Coming Out Resources
“Coming out” means sharing your sexual orientation and/or gender identity with people in your life. (Trevor Project)
There is no right or wrong way to come out. Only you can decide what’s right for you. Everyone’s process is unique and based on a number of factors, including personal comfort level, environment, and many other considerations.
Many people come out so they can live openly and true to who they are. Many people also decide not to come out for a variety of reasons after considering their circumstances, and that’s okay too!
When deciding who to come out to, consider the level of trust in your relationship with someone. It’s also important to think about who will support you during this process, as a strong support system can assist in the coming out process and help you feel more empowered during this important time. Remember that your safety should always come first. Coming out can be a challenging process, but you don’t have to go through it alone. There are many resources, including the LGBTQIA Resource Center, that can help you with the coming out process.
Identifying as LGBTQIA
How do you know if you identify as LGBTQIA? It may be helpful to review some terms and ideas first.
- Sex assigned at birth - Sex is assigned by a doctor when a baby is born based on genitalia. Besides male and female, there are other sexes such as intersex. Sex is separate from gender identity.
- Gender identity - A sense of one’s self as trans*, genderqueer, woman, man, or some other identity, which may or may not correspond with the sex and gender one is assigned at birth.
- Sexual orientation - an attraction or non-attraction to other people. Sexual orientations include straight, gay, lesbian, bisexual, asexual, and others.
- Gender expression - how one expresses oneself, in terms of dress and/or behaviors. Society, and people that make up society characterize these expressions as "masculine,” “feminine,” or “androgynous.” Individuals may embody their gender in a multitude of ways and have terms beyond these to name their gender expression(s).
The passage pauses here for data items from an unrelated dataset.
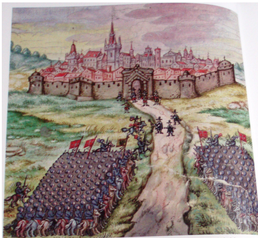
Obr. č. 13 – Zkreslený výjev předávání klíče generálu Marradasovi v roce 1620
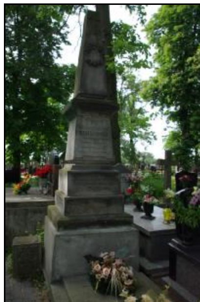
Fot.91-92. Cmentarz rzymsko-katolicki w Żukowie
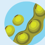
Soya o soja
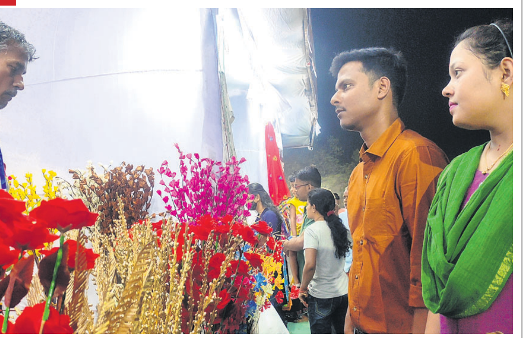
ଅନୁଗୋଳ ହାଲସ୍କୁଲ ପଡ଼ିଆରେ ବାଲିଥିବା ପଲିଷ୍ଟା ମେଳାକୁ ଆସିଥିବା ଗ୍ରାହକମାନେ ପୂଜା କରୁଛନ୍ତି।
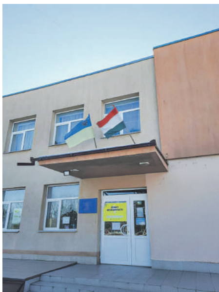
Tiszapéterfalvi Polgármesteri Hivatal

- Romantic orientation - attraction or non-attraction to other people characterized by the expression or non-expression of love
The above concepts - sex assigned at birth, gender identity, sexual orientation, and romantic orientation, exist on a spectrum. These concepts encompass a wide range within which people can identify on these spectrums.
Some reflective questions can help people affirm who they are (How do people of the same sex, opposite sex, or people of other sexes make you feel? What gender feels true to who you are?)
Qualities like sex assigned at birth, gender identity, sexual orientation, and gender expression exist on a spectrum.
Sexual orientation can range from heterosexual (attracted to the other gender on the spectrum, or “straight”) to homosexual (attracted to the same gender - gay, lesbian). However, there is a lot of range between these two extremes.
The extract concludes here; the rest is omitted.